Work order: Copy each line below exactly as it appears. Pictures are to be omitted.

[[ Available data, beginning ]]

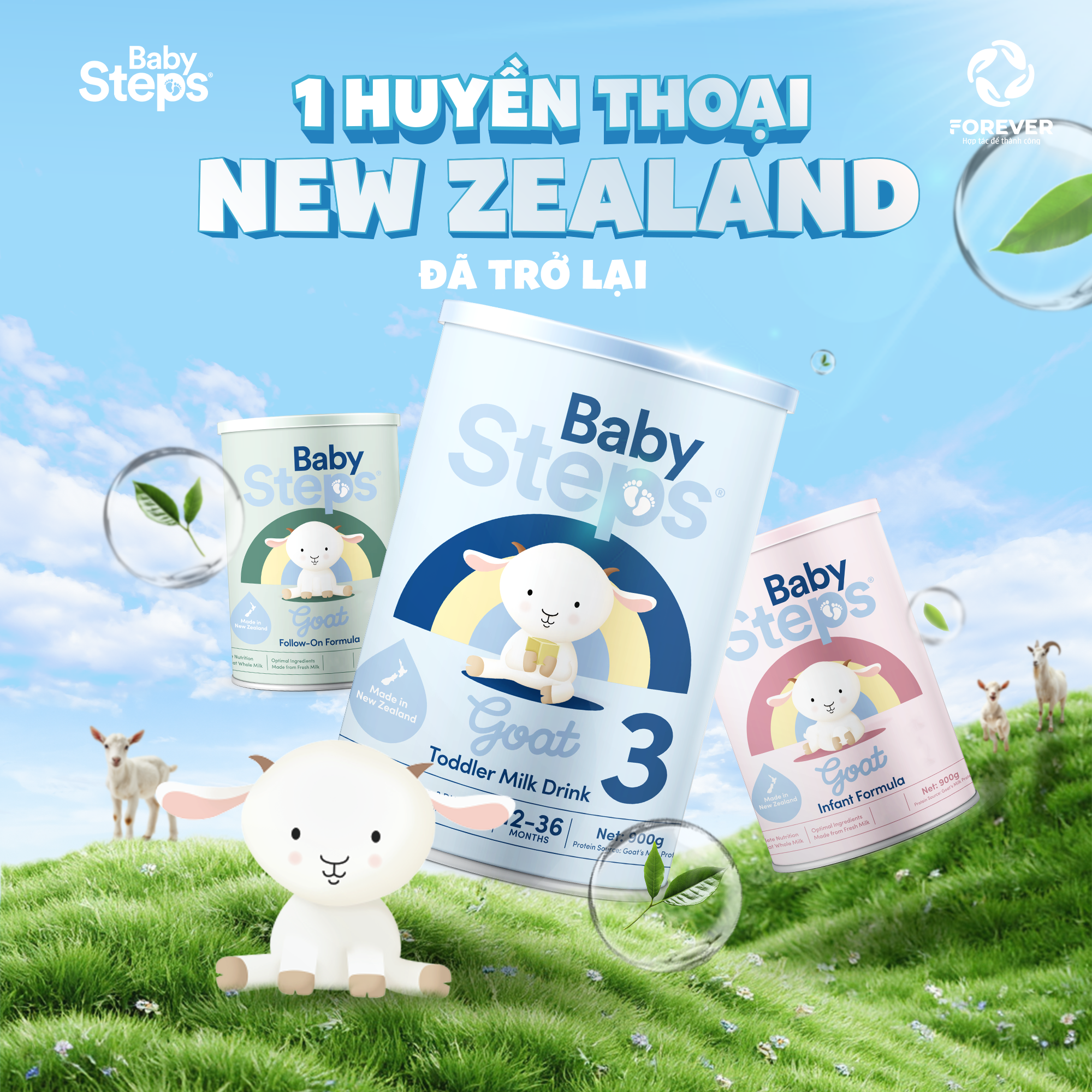 Baby Steps (New Zealand) – Thương hiệu sữa dê 7HMO bán chạy số 1 New Zealand, sản xuất từ sữa tươi nguyên kem với chuỗi cung ứng khép kín “từ trang trại đến lon sữa”.
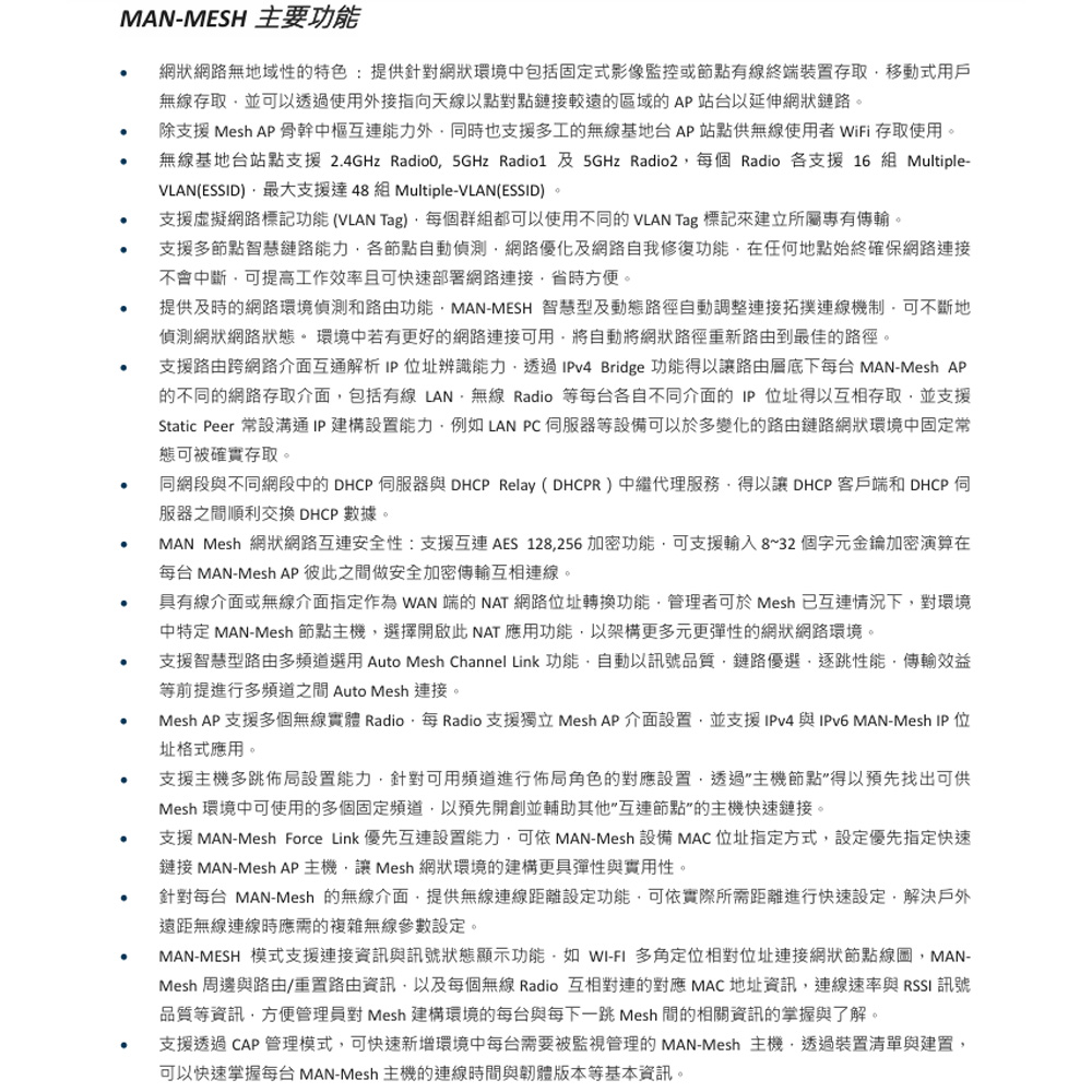 • MAN Mesh 網狀網路互連安全性:支援互連AES 128,256加密功能,可支援輸入8~32個字元金鑰加密演算在
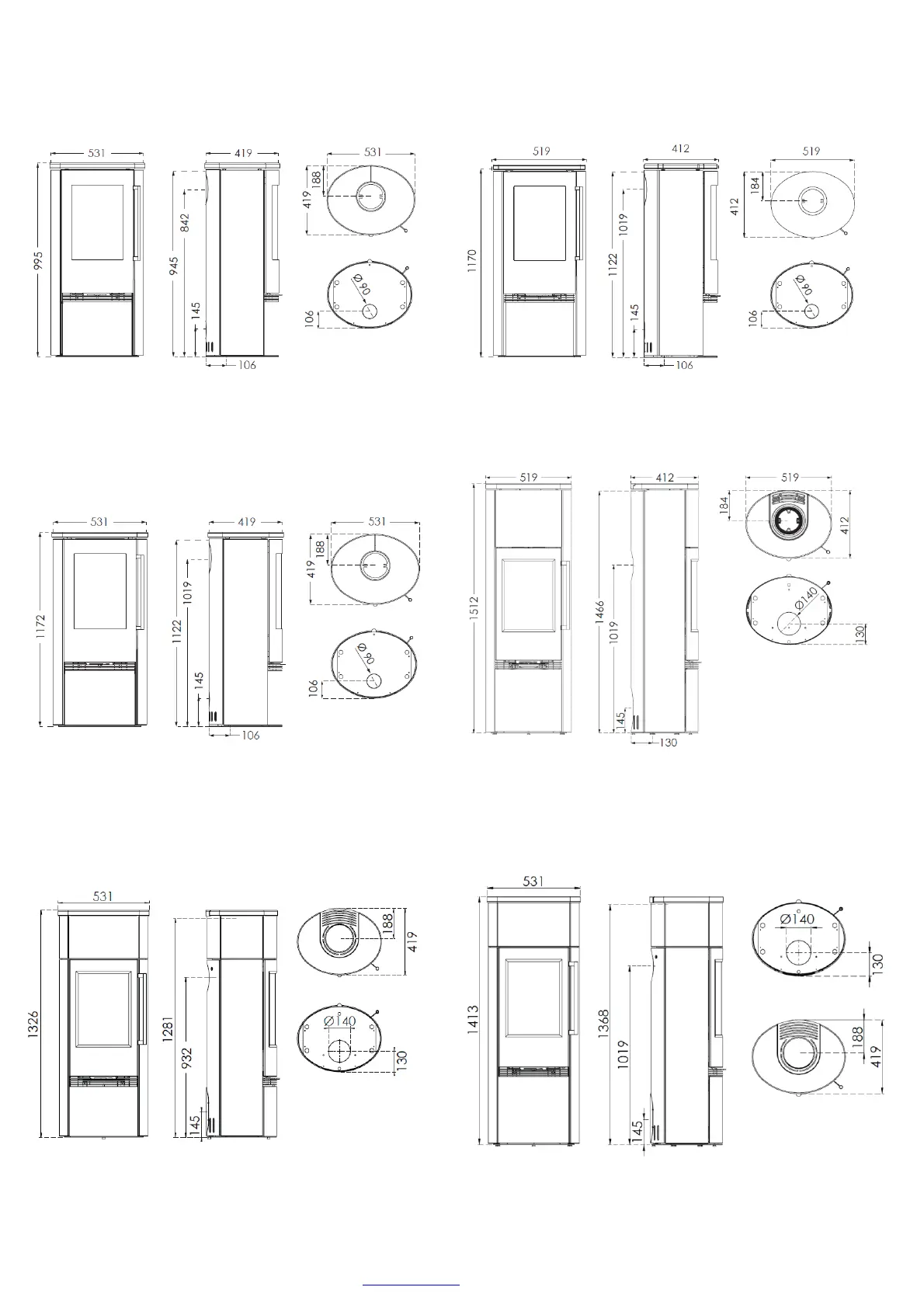 All measurements are WITHOUT adjustable feet / Toutes les dimensions sont données SANS pieds réglables /Alle

[[ Available data, end ]]

Exercise solution:
 Baby Steps (New Zealand) – Thương hiệu sữa dê 7HMO bán chạy số 1 New Zealand, sản xuất từ sữa tươi nguyên kem với chuỗi cung ứng khép kín “từ trang trại đến lon sữa”.
 • MAN Mesh 網狀網路互連安全性:支援互連AES 128,256加密功能,可支援輸入8~32個字元金鑰加密演算在
 All measurements are WITHOUT adjustable feet / Toutes les dimensions sont données SANS pieds réglables /Alle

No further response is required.